C.5 Reusing the System-Generated Prompt
Once you have a system-generated prompt that works reliably, consider creating mini GPT applications that help you reuse the prompt more easily.
- ChatGPT’s Custom GPTs. Users on ChatGPT’s paid plan can create Custom GPTs that use our system-generated prompt from the previous section. Users can also upload any contextual information as attachments (e.g., we can upload the Policy Lead Archetypes PDF as an attachment that the Custom GPT will use as a permanent reference). Custom GPTs can be published and shared with anyone with a ChatGPT account. See also: Custom GPT Tips.
- Claude’s Projects. Users on Claude’s Pro plan can create Claude Projects and upload attachments as “knowledge” that can be used within the project. As of this writing, users on Claude for Work plans can share their projects with other people in the same organization.
- Gemini’s Gems. Users on the Gemini Advanced, Business, and Enterprise plans can create custom Gems. The user interface for Gem creation can also write your initial draft instructions for you based on your description of the Gem’s purpose. As of this writing, it is not yet possible to publish or share Gems.

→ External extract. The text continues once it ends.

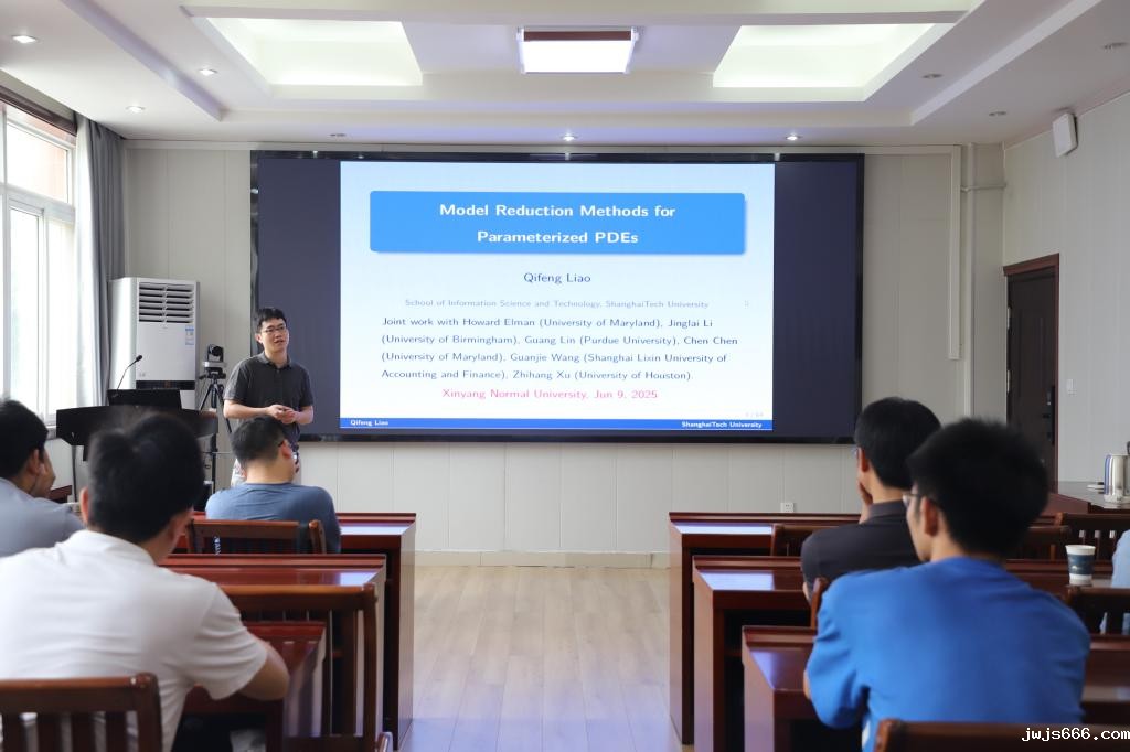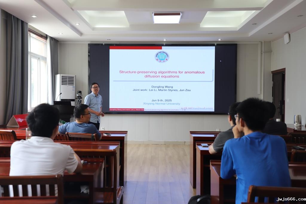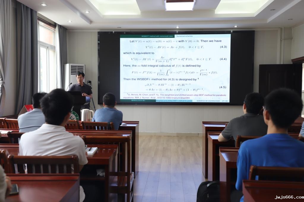 6月9日,应数学与统计学院邀请,兰州大学陈明华教授、上海科技大学廖奇峰教授、湘潭大学王冬岭教授分别作了题为《Weighted and shifted seven-step BDF for parabolic equations with nonsmooth data》《Reduced basis methods for parameterized PDEs》《反常扩散方程的保结构算法》的学术报告。报告会由李世顺教授主持,部分老师及研究生聆听报告。
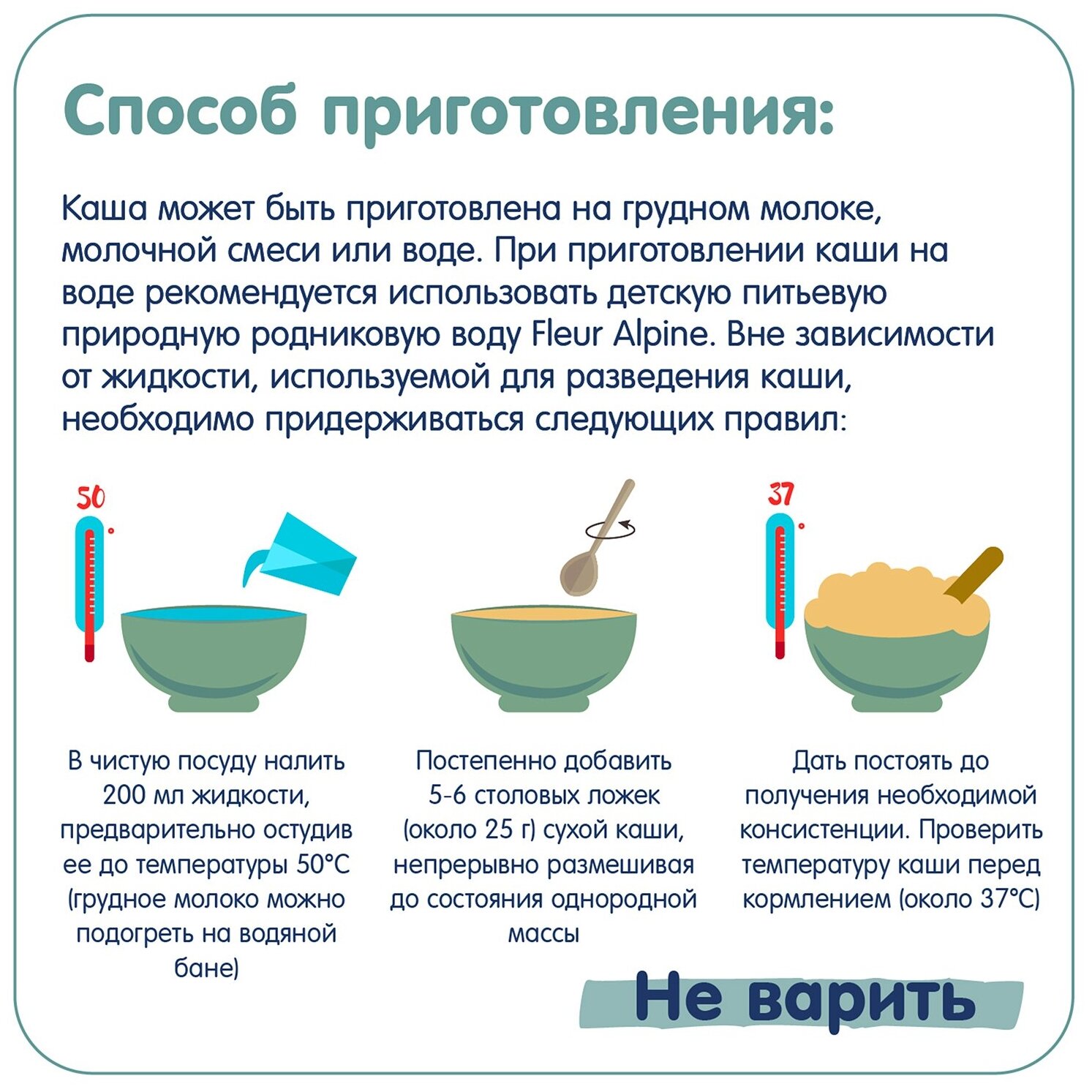 | Способ приготовления | В чистую посуду налить 200 мл жидкости, вскипятив ее при необходимости.Остудить ее до температуры 50°С (грудное молоко можно подогреть на водяной бане). Постепенно добавить 5-6 столовых ложек (около 25 г) сухой каши, непрерывно размешивая до состояния однородной массы. Дать постоять до получения необходимой консистенции. Проверить температуру каши перед кормлением (около 37°С). |

Tip: Gemini has helpful guidelines for writing effective instructions; they advise us to focus on defining a Persona, specifying Tasks, providing Context, and describing the desired output Format. Use this advice to improve the system-generated prompt from the previous step to get better results from Custom GPTs and Gems.
In Closing
GenAI applications powered by Large Language Models help us tackle information overload by efficiently filtering and jumpstarting our reading.
Use the prompts in this post to distill summaries and generate tailored and context-specific recommendations from new papers and articles.
Save time and confidently decide if an article or paper is worth reading in full with the help of GenAI.